French inflation slowed to its lowest point since September 2021, intensifying discussions about the timing of the European Central Bank’s (ECB) interest rate cut actions, Bloomberg reported on Thursday.

In February, consumer prices in the second-largest economy of the euro area increased by 3.1 per cent compared to the previous year, a decrease from 3.4 per cent in the prior month, aligning with a Bloomberg economists’ survey.

Additionally, separate data revealed a slowdown in Spain’s inflation to 2.9 per cent from 3.5 per cent, slightly exceeding expectations.

Germany is anticipated to report a reduced inflation figure later on Thursday, followed by Eurostat’s release of data for the entire 20-member euro zone on Friday, where a decrease in inflation to 2.5 per cent from 2.8 per cent is expected by analysts.

As energy prices fall and Europe’s economy remains stagnant, there is a general shift towards the ECB’s 2 per cent target.

However, officials in Frankfurt are warning against prematurely easing monetary policy due to concerns about potential inflation.
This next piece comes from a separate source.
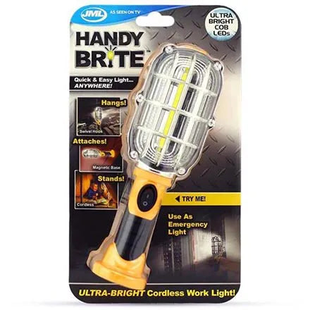 jml handy brite led light portable battery powered magnetic base cob torch ultra bright yellow black plastic durable lighting tool
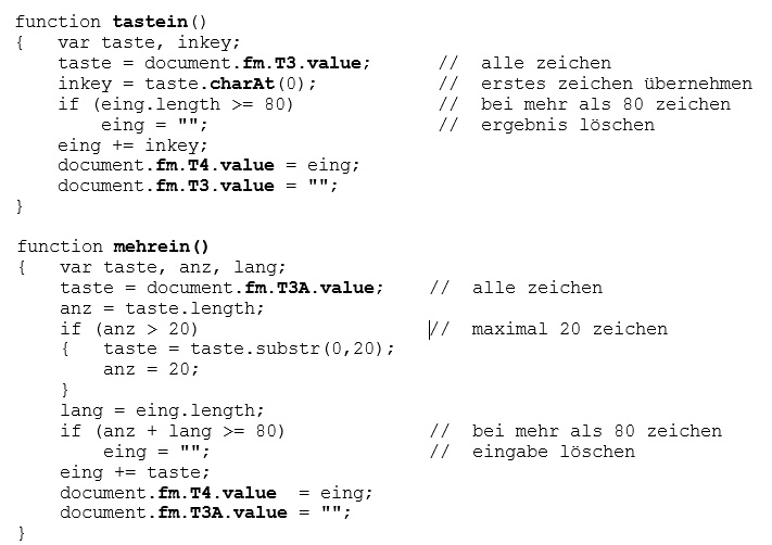 tastein wirklich nur ein zeichen übernimmt, während die funktion

The euro remained stable at approximately $1.08, causing little shift in market expectations regarding the extent and speed of ECB rate reductions this year. Market participants anticipate these cuts to commence in June and are factoring in just below a one percentage point decrease by December.

In a distinct report from Insee, it was revealed that consumer spending decreased by 0.3 per cent in January, with expenditures on manufactured goods falling by 1.5 per cent. This surpassed economists’ predictions of a 0.2 per cent decline.

In a bit of positive news, Insee adjusted its fourth-quarter GDP reading for last year upward to 0.1 percent, a slight improvement from the previously reported stagnation.